Wiping out trillions of dollars of individual and corporate wealth is an acceptable outcome though, because it’s a useful negotiating tactic:
“The tariffs give us great power to negotiate,” Trump said, adding that “every country has called us.”
“If somebody said that we’re going to give you something that’s so phenomenal, as long as they’re giving us something that’s good,” Trump said.
No doubt many companies are also seeking remedy. By levying these punitive taxes against countries crucial to the bottom line of many American businesses, Trump can offer “relief” by demanding compliance or payment.
Apple, for example, has certainly reached out to the administration in hopes of an exemption, as it faces prices so high it threatens sales of their flagship iPhones. The $1 million Tim Cook “personally” donated to Trump, and the $500 billion US investment Apple announced was clearly insufficient. What will Trump demand of Apple next?

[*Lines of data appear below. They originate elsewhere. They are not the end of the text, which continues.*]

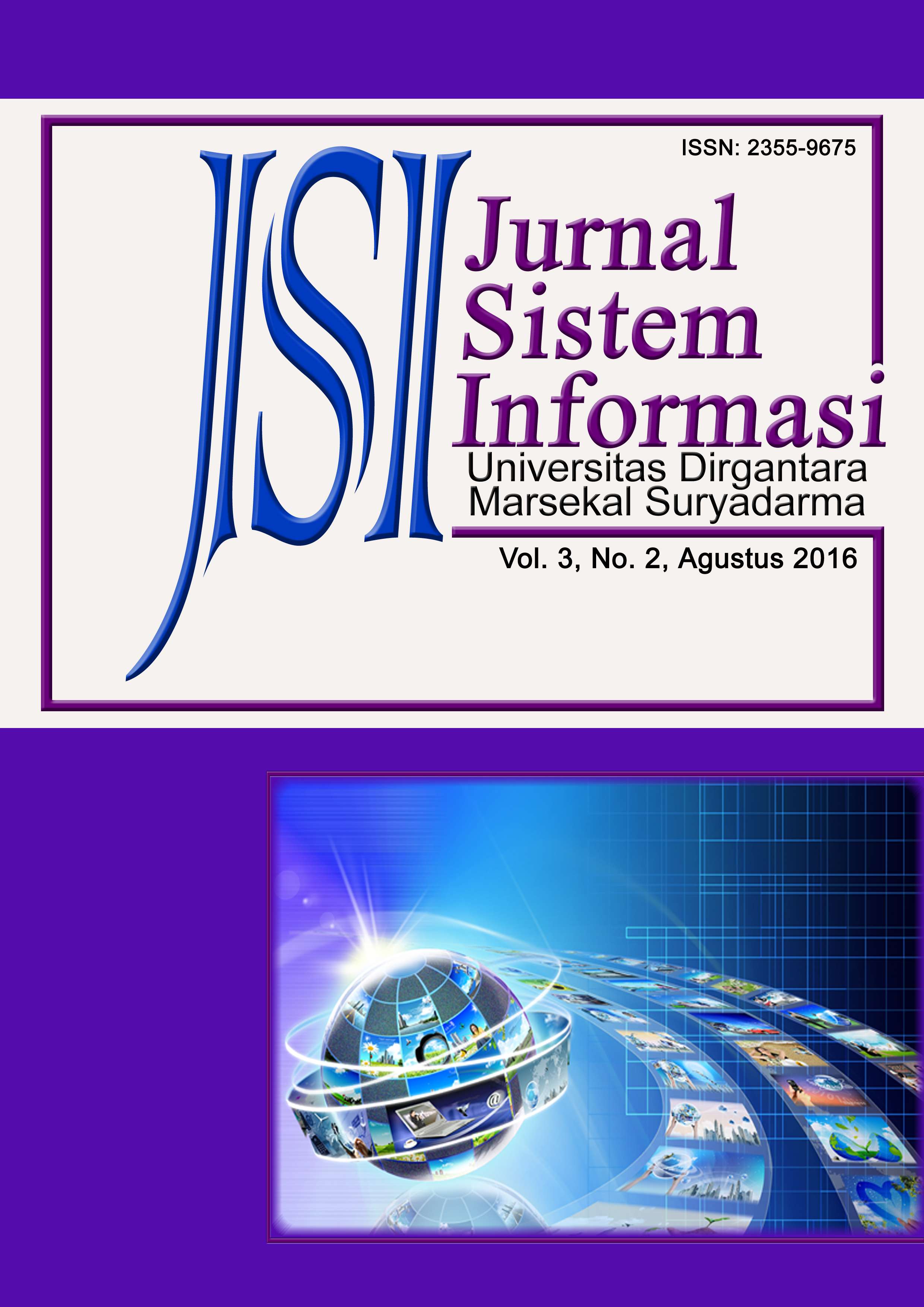 Vol 3 No 2 (2016)Jurnal sistem informasi adalah jurnal yang fokus pada sistem informasi yang diterapkan dalam dunia industri, pemerintahan, dan universitas. Semua artikel harus mencakup validasi dari ide yang disajikan. Misalnya melalui studi kasus, percobaan, atau perbandingan sistematis dengan pendekatan lain. Topik dari jurnal sistem informasi ini adalah semua yang berkaitan dengan bidang ilmu sistem informasi -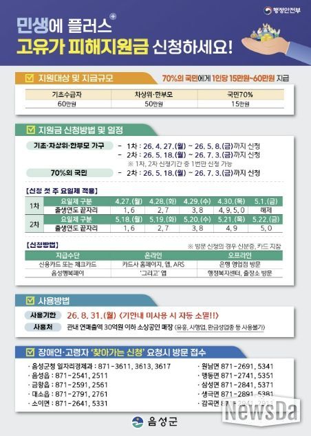 이번 지원금의 지급 대상은 올해 3월 30일 기준, 70%의 국민에게 소득 수준과 거주 지역에 따라 차등 지급한다. 특히 음성군은 비수도권으로 기초수급자 60만원, 차상위 및 한부모 50만원, 소득하위 70% 군민은 1인당 15만원을 지급받는다.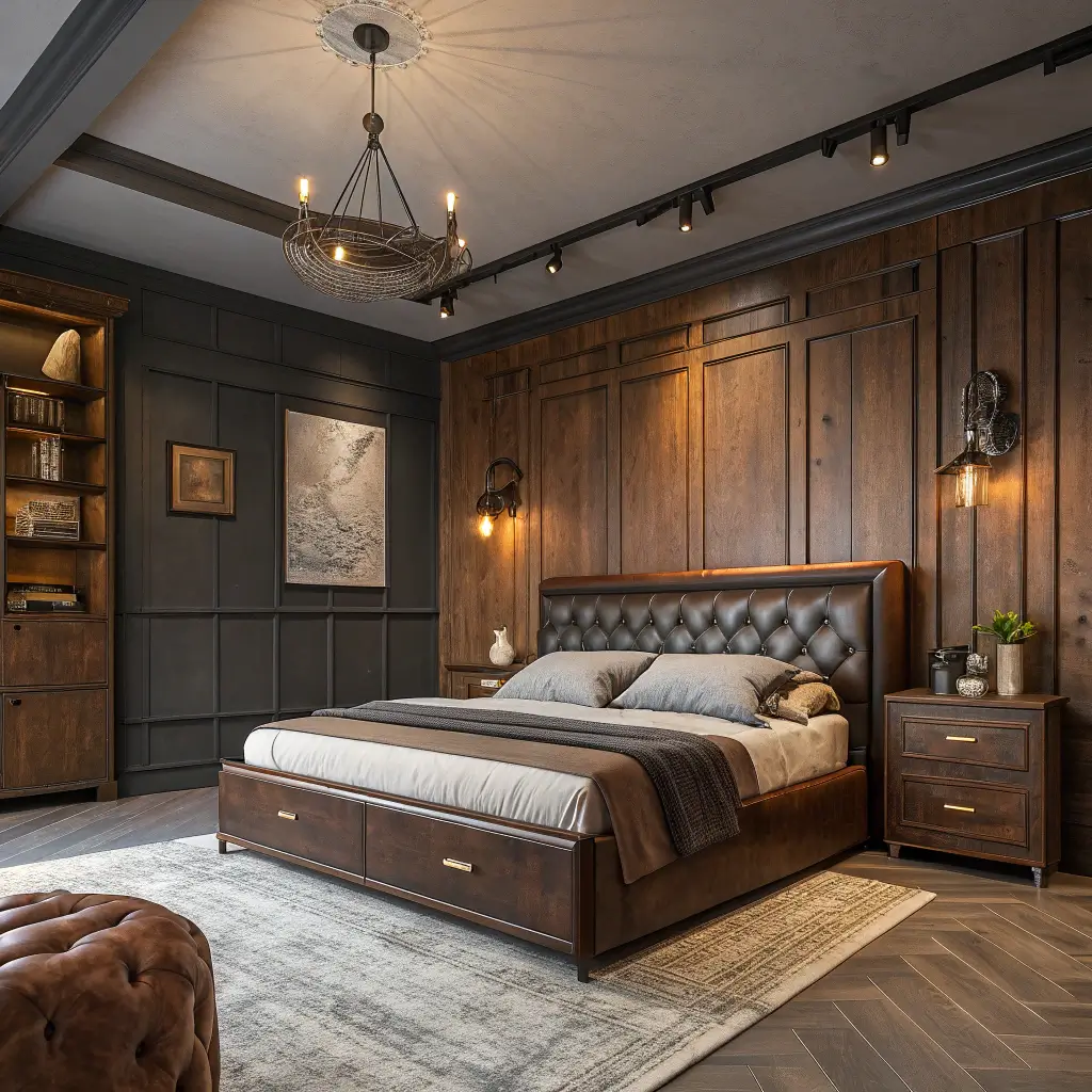5. Dark Wood Masculine Bedroom Design

It seems remarkably like extortion and bullying.
On “Truth” Social, Trump blathers on about another aspect of these tariffs:
TO THE MANY INVESTORS COMING INTO THE UNITED STATES AND INVESTING MASSIVE AMOUNTS OF MONEY, MY POLICIES WILL NEVER CHANGE. THIS IS A GREAT TIME TO GET RICH, RICHER THAN EVER BEFORE!!!
He just can’t help himself, he must make sure his grift is transparently obvious to everyone: I’m destroying the American and global economy so we can all be filthier rich.
How many of his people sold the stock market short the last few days? How many are salivating at snatching up stocks at a massive discount?
Meanwhile, the retirement savings of millions of Americans have been decimated.